## Work instructions
Take the listing below and output it exactly, with no images.

## Material for this exercise
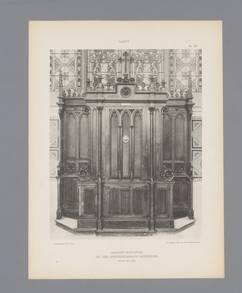 Curator: Looking at "Koorbanken in de Martinikerk te Bolsward," taken in 1879 by the Gebroeders Cordes, what’s your immediate reaction? Editor: My eye is immediately drawn to the intricate woodworking and overall somber mood conveyed through the sepia tones; there's an almost meditative quality to the piece. Curator: Yes, the visual weight of the repeating gothic arches certainly contributes. Note how the photographer uses a relatively shallow depth of field to subtly flatten the space, directing our gaze deliberately across the textured surface of the choir stalls. Editor: Precisely, and contextually, photographs of this kind often served as documentation of important cultural heritage sites. This image reveals much about the church's status as a community centerpiece and the historical importance of religious institutions. Curator: Indeed, though consider how the geometric precision achieved within the print, highlighting the relationship between vertical and horizontal planes. It offers a very structured understanding, somewhat removed from the daily lived experience within that religious institution. The print's very formal aesthetic serves as its meaning here. Editor: But wasn’t the burgeoning realist movement interested in portraying unidealized images of daily life? Wouldn’t capturing something like the choir stalls of the Martinikerk fall right into that interest, providing people with insight into how places of importance looked at that time? Curator: One could argue that the subdued lighting and carefully arranged composition almost romanticize this interior, softening realism’s potentially stark edge. But it offers an aesthetic encounter first and foremost, where we reflect upon the relationships between line, tone and texture and their symbolic potential to speak to grander spiritual architectures. Editor: So, rather than seeing it as a snapshot of reality, we can appreciate how cultural objects and realist sensibilities were framed in late 19th century photography, highlighting its function within a visual and social landscape. Curator: Precisely! An insight, perhaps, that moves us closer to an enriched comprehension of this compelling image. Editor: It highlights the many layers of looking at a photograph that seems so simple.
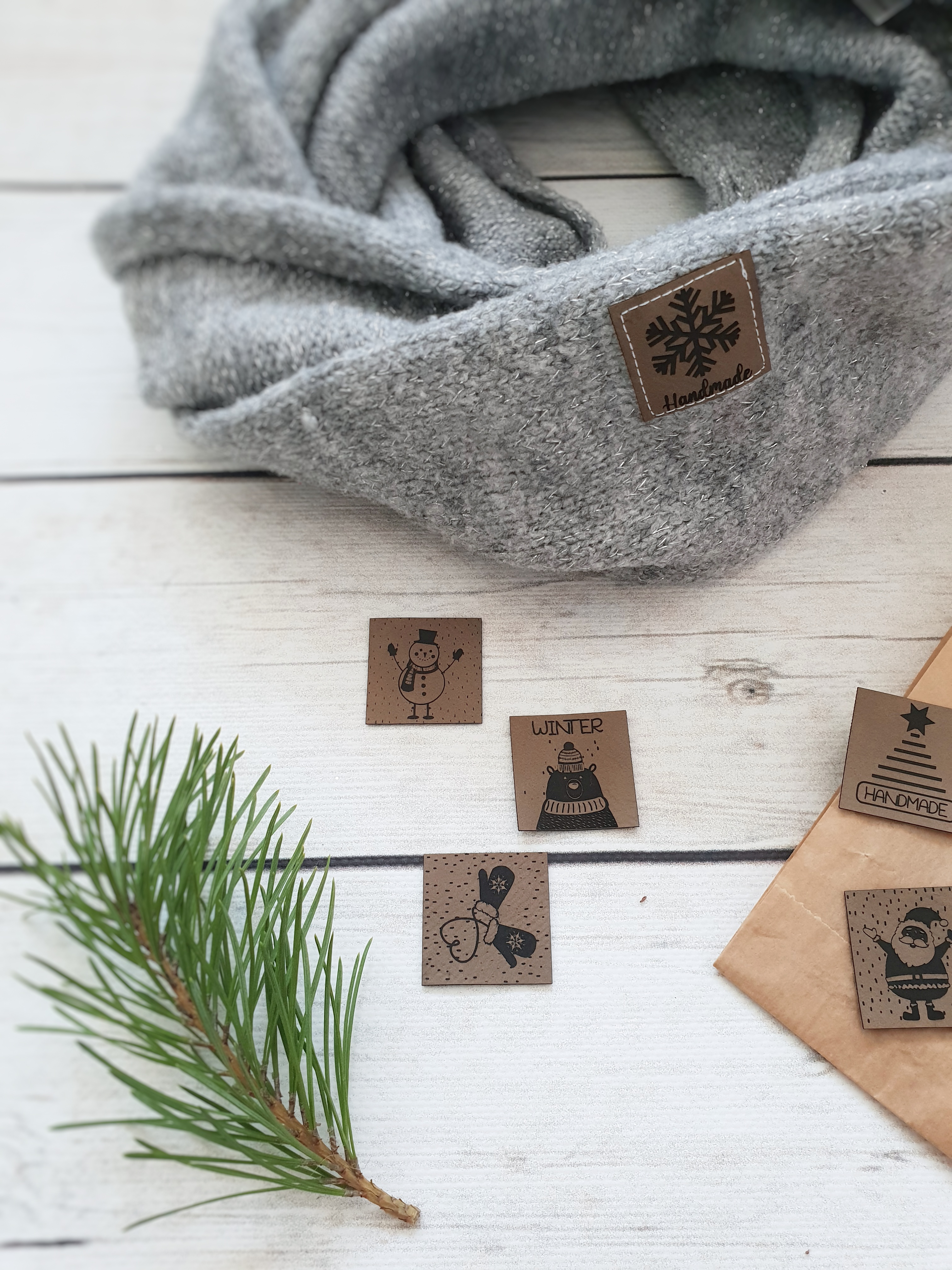 Gotowa metka z ekoskóry z grafiką "Śnieżynka"
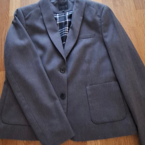Rydder i skap og selger meget pent lite brukt Stockholm bouclejakke med gullfargede knapper og fløyelskant inni jakken.
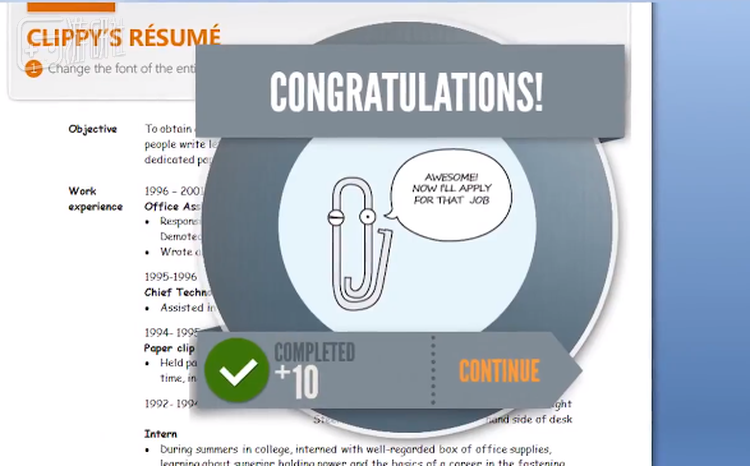 如何让这位老年网红下岗再就业,成为了无数粉丝想要解决的问题。得知用户有这样的需求,微软官方也时不时会让大家尝点甜头。2011年4月,微软推出了一款游戏叫做《丝带英雄2:Clippy的第二次机会》,这是一款教用户如何使用Office中的Word、Excel等软件教育游戏,Clippy就在其中担任新手教程的指导老师。
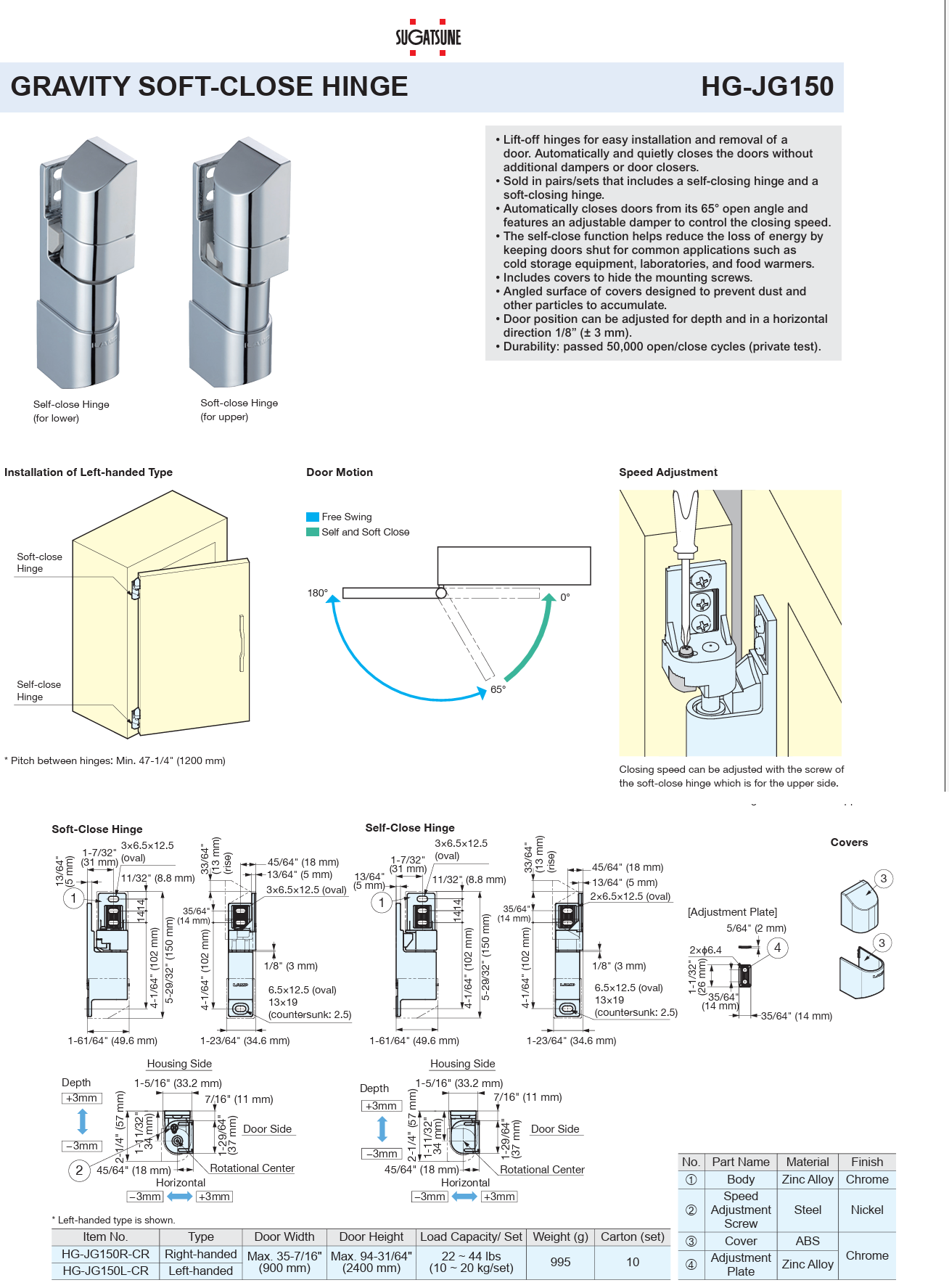 SUGATSUNR HG-JG150 GRAVITY SOFT-CLOSE HINGE HANDED
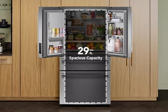 from this 4-door French Door Refrigerator makes room for every farmer's market haul and brings convenience with customizable storage spaces for your unique ingredients.
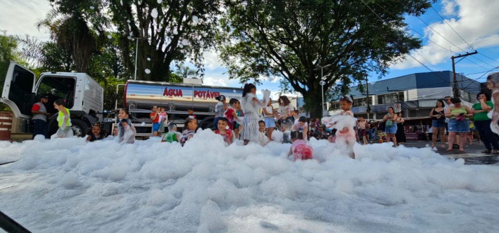 O evento conta com brinquedos infláveis para as crianças, caminhão-pipa com água e sabão para animar o público, além de uma programação musical que garante o clima festivo ao longo do dia.
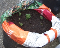 Pentru inceput gaurim fundul de la punga (pentru drenajul apei) si umplem partea de jos a geantii de plastic cu 5 cm de pamant organic (amestec pamant, compost, gunoi fermentat sau mranita) care a fost in prealabil umezit.
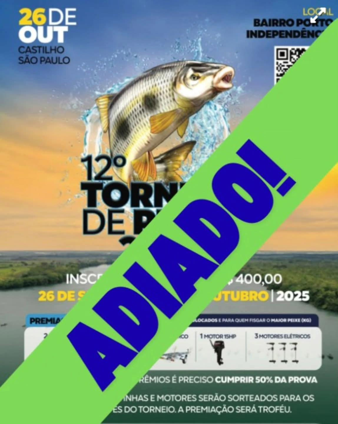 CASTILHO – A tão esperada 12ª edição do Torneio de Pesca de Castilho (SP), que estava marcada para o próximo domingo, dia 26, foi oficialmente adiada para o dia 19 de abril de 2026. A decisão foi tomada em reunião realizada na manhã desta segunda-feira (20) entre os membros do Comtur (Conselho Municipal de Turismo) e a Administração Municipal. #Torneio de Pesca de Castilho 2026
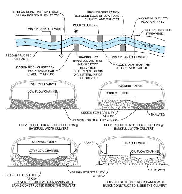 A plan view of a culvert with a stream channel running through it. Rock clusters and rock bands are depicted spaced at five times the bankfull width maximum or a maximum of 0.8 feet elevation difference between these structures. Rock clusters span the partial culvert width and rock band span the full culvert width. The rock bands and rock clusters are designed from material that's designed for stability at the 100-year flood flow. The channel substrate material is designed for stability at the 50-year flood flow. At least one half bankfull width is provided between the culvert inlet or outlet and a rock band or rock cluster structure.
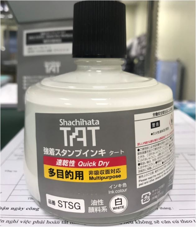 Hans Việt nam chuyên cung cấp Mực đóng lên mọi chất liệu STSG-3 TAT Shachihata Indelible Ink, White 330ml
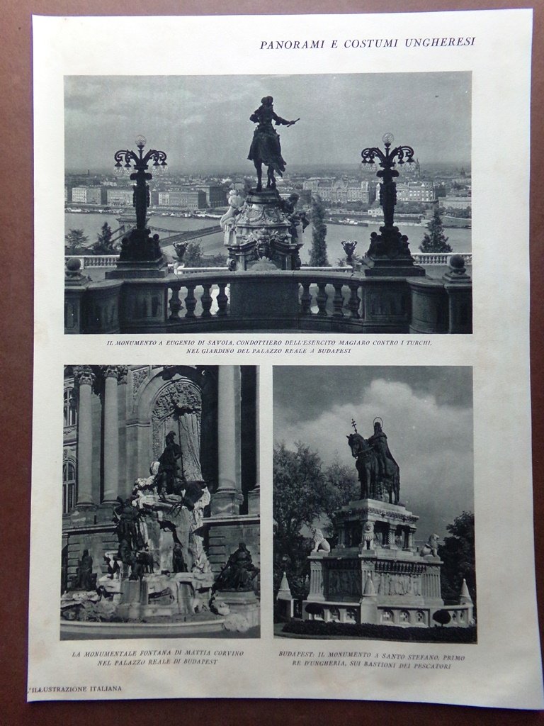 Stampa del 1929 Eugenio di Savoia Budapest Mattia Corvino Santo Stefano
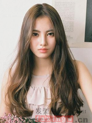 微卷的長髮隨意的披散下來,搭配上中分的劉海,勾勒出精緻的臉型,顯得很有女神范,棕色的染髮也顯得無比的時尚。
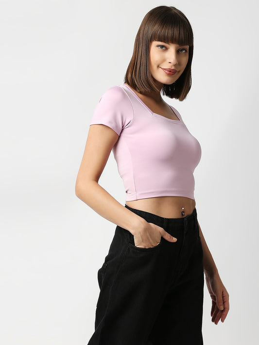 Disrupt Women Light Pink Square Neck Slim Fit Crop Top
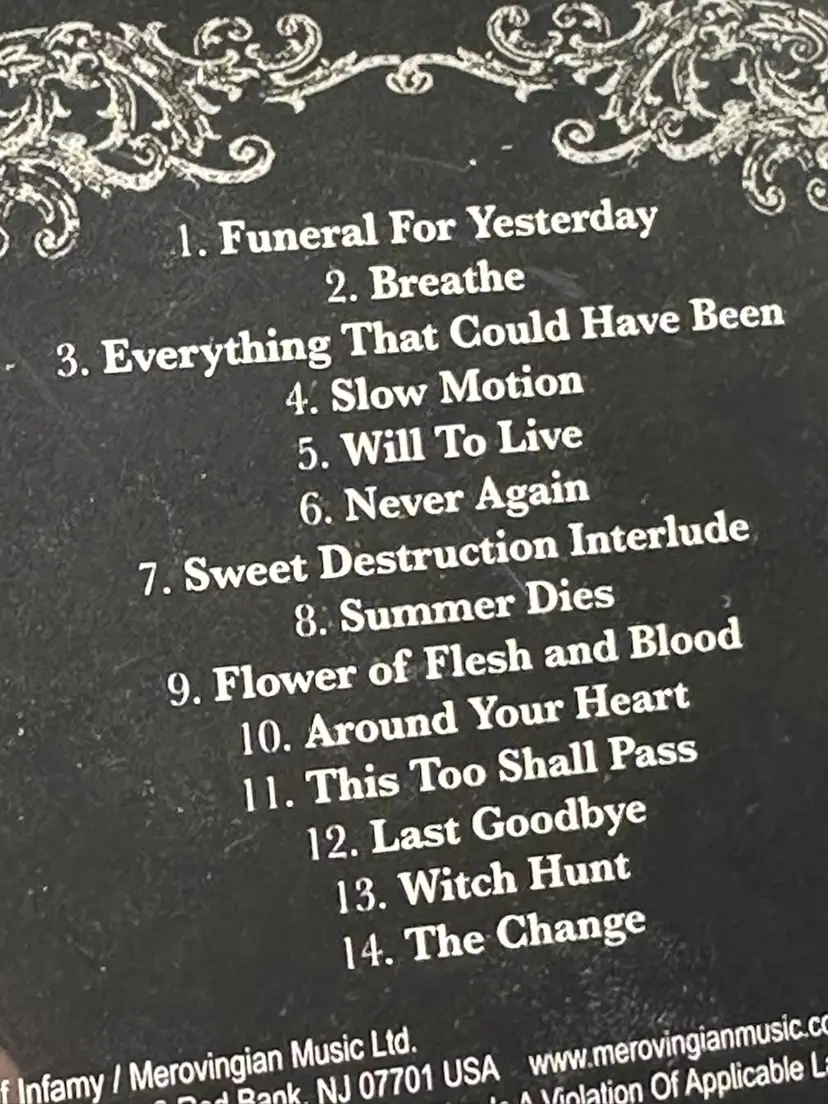 Includes notable tracks such as: • “Funeral for Yesterday” • “Breathe” • “Slow Motion” • “Sweet Destruction Interlude” • “Witch Hunt”

## Task answer
 Curator: Looking at "Koorbanken in de Martinikerk te Bolsward," taken in 1879 by the Gebroeders Cordes, what’s your immediate reaction? Editor: My eye is immediately drawn to the intricate woodworking and overall somber mood conveyed through the sepia tones; there's an almost meditative quality to the piece. Curator: Yes, the visual weight of the repeating gothic arches certainly contributes. Note how the photographer uses a relatively shallow depth of field to subtly flatten the space, directing our gaze deliberately across the textured surface of the choir stalls. Editor: Precisely, and contextually, photographs of this kind often served as documentation of important cultural heritage sites. This image reveals much about the church's status as a community centerpiece and the historical importance of religious institutions. Curator: Indeed, though consider how the geometric precision achieved within the print, highlighting the relationship between vertical and horizontal planes. It offers a very structured understanding, somewhat removed from the daily lived experience within that religious institution. The print's very formal aesthetic serves as its meaning here. Editor: But wasn’t the burgeoning realist movement interested in portraying unidealized images of daily life? Wouldn’t capturing something like the choir stalls of the Martinikerk fall right into that interest, providing people with insight into how places of importance looked at that time? Curator: One could argue that the subdued lighting and carefully arranged composition almost romanticize this interior, softening realism’s potentially stark edge. But it offers an aesthetic encounter first and foremost, where we reflect upon the relationships between line, tone and texture and their symbolic potential to speak to grander spiritual architectures. Editor: So, rather than seeing it as a snapshot of reality, we can appreciate how cultural objects and realist sensibilities were framed in late 19th century photography, highlighting its function within a visual and social landscape. Curator: Precisely! An insight, perhaps, that moves us closer to an enriched comprehension of this compelling image. Editor: It highlights the many layers of looking at a photograph that seems so simple.
 Gotowa metka z ekoskóry z grafiką "Śnieżynka"
Rydder i skap og selger meget pent lite brukt Stockholm bouclejakke med gullfargede knapper og fløyelskant inni jakken.
 如何让这位老年网红下岗再就业,成为了无数粉丝想要解决的问题。得知用户有这样的需求,微软官方也时不时会让大家尝点甜头。2011年4月,微软推出了一款游戏叫做《丝带英雄2:Clippy的第二次机会》,这是一款教用户如何使用Office中的Word、Excel等软件教育游戏,Clippy就在其中担任新手教程的指导老师。
 SUGATSUNR HG-JG150 GRAVITY SOFT-CLOSE HINGE HANDED
 from this 4-door French Door Refrigerator makes room for every farmer's market haul and brings convenience with customizable storage spaces for your unique ingredients.
 O evento conta com brinquedos infláveis para as crianças, caminhão-pipa com água e sabão para animar o público, além de uma programação musical que garante o clima festivo ao longo do dia.
 Pentru inceput gaurim fundul de la punga (pentru drenajul apei) si umplem partea de jos a geantii de plastic cu 5 cm de pamant organic (amestec pamant, compost, gunoi fermentat sau mranita) care a fost in prealabil umezit.
 CASTILHO – A tão esperada 12ª edição do Torneio de Pesca de Castilho (SP), que estava marcada para o próximo domingo, dia 26, foi oficialmente adiada para o dia 19 de abril de 2026. A decisão foi tomada em reunião realizada na manhã desta segunda-feira (20) entre os membros do Comtur (Conselho Municipal de Turismo) e a Administração Municipal. #Torneio de Pesca de Castilho 2026
 A plan view of a culvert with a stream channel running through it. Rock clusters and rock bands are depicted spaced at five times the bankfull width maximum or a maximum of 0.8 feet elevation difference between these structures. Rock clusters span the partial culvert width and rock band span the full culvert width. The rock bands and rock clusters are designed from material that's designed for stability at the 100-year flood flow. The channel substrate material is designed for stability at the 50-year flood flow. At least one half bankfull width is provided between the culvert inlet or outlet and a rock band or rock cluster structure.
 Hans Việt nam chuyên cung cấp Mực đóng lên mọi chất liệu STSG-3 TAT Shachihata Indelible Ink, White 330ml
 Stampa del 1929 Eugenio di Savoia Budapest Mattia Corvino Santo Stefano
 微卷的長髮隨意的披散下來,搭配上中分的劉海,勾勒出精緻的臉型,顯得很有女神范,棕色的染髮也顯得無比的時尚。
 Disrupt Women Light Pink Square Neck Slim Fit Crop Top
 Includes notable tracks such as: • “Funeral for Yesterday” • “Breathe” • “Slow Motion” • “Sweet Destruction Interlude” • “Witch Hunt”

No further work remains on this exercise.